I used to have a (psychological) dependency on pre-workout in that if i tried to go without it, something would feel wrong and my confidence would be shot. It got bad at times where I'd also be taking it before work. But nowadays I only use it maybe 20% of my workouts, and even then it is weaker stuff like c4. Usually i take a black coffee to the gym and that's it.
Let's say a senerio is that I get arrested and end up having to do ten years in prison. A prison with a gym. Would I have the motiation to train in there naturally? I'd like to hope so, and I'm sure I would come around to it. But i definitely see it being very discouraging at first.
I think one of the dangers is that i know that i can slack on my diet and still keep getting bigger and stronger. Now one could argue that counting macros and getting so emotionally connected to how i eat isnt that mentally healthy anyway, but knowing that i can eat pizza and wings and processed foods and still have abs and veins all over...I also have to remind myself that eating clean not only affects body composition but also my overall health, wellness and longevity. And it mitigates steroid side effects. I'm not getting any younger and just because my body ostensibly can handle tons of cheating, i have to do it right. I'm working such long hours and honestly i dont cook like i used to. I have a ton of clean food sitting at home that i just keep saying that i will cook tomorrow, and that im so tired today that i will just get subway and a couple naked drinks and call it a night.

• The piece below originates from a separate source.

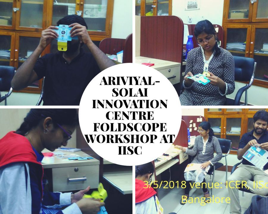 Ariviyal-Solai Innovation Centre founder karthik conduct a workshop for Indian institute of science Bangalore research scholars on 3rd May 2018. Students are actively participate in this workshop. They show interest to be a part of (crew members) AIC and ready to support our low cost paper microscope to spread across the country. We also discussed to improve the foldscope and its application.

Now I'm always using progressive overload and I love the philosophy of incremental progress. If I am having a horrible day, it can be somewhat saved by knowing that i did something right, that something is under my control, that i can exercise discipline. I love seeing daily incremental progress.
My passion really is for powerlifting, but sure, i get caught up in the aesthetics of it all because we all want to look good. A lot of what was said in that other thread applies to me...that the gym keeps me clean and sober from alcohol and hard drugs. Powerlifting gives me amazing dopamine rushes. And I've made it over three years now wanting my gym goals more than getting high. I dont really feel the vibe of the fitness industry or bodybuilding, but heavy metal and powerlifting and all of thst intensity is extremely satisfying.
I admit that i am extremely impatient when starting cycles. And that i probably do somewhat hold back if i am not convinced it has kicked in yet. Or if I'm not currently on an oral. And I'm sure that yes, I have developed a psychological depency. I knew and had accepted that this would happen before i starting using, though. I stayed natrual for a long time and it was several years of debating with myself if i really wanted to do it.
And then the use of testosterlne as an anti-depressant is a separate issue. It does a great job here. I love how i feel on it. It's weird because on mt first cycle, i didnt "feel it." I just got horny and my overloads got way easier. But the more i start and stop, the more i have learned to feel it. And it does really help. I'm probavly going to get doctor trt soon.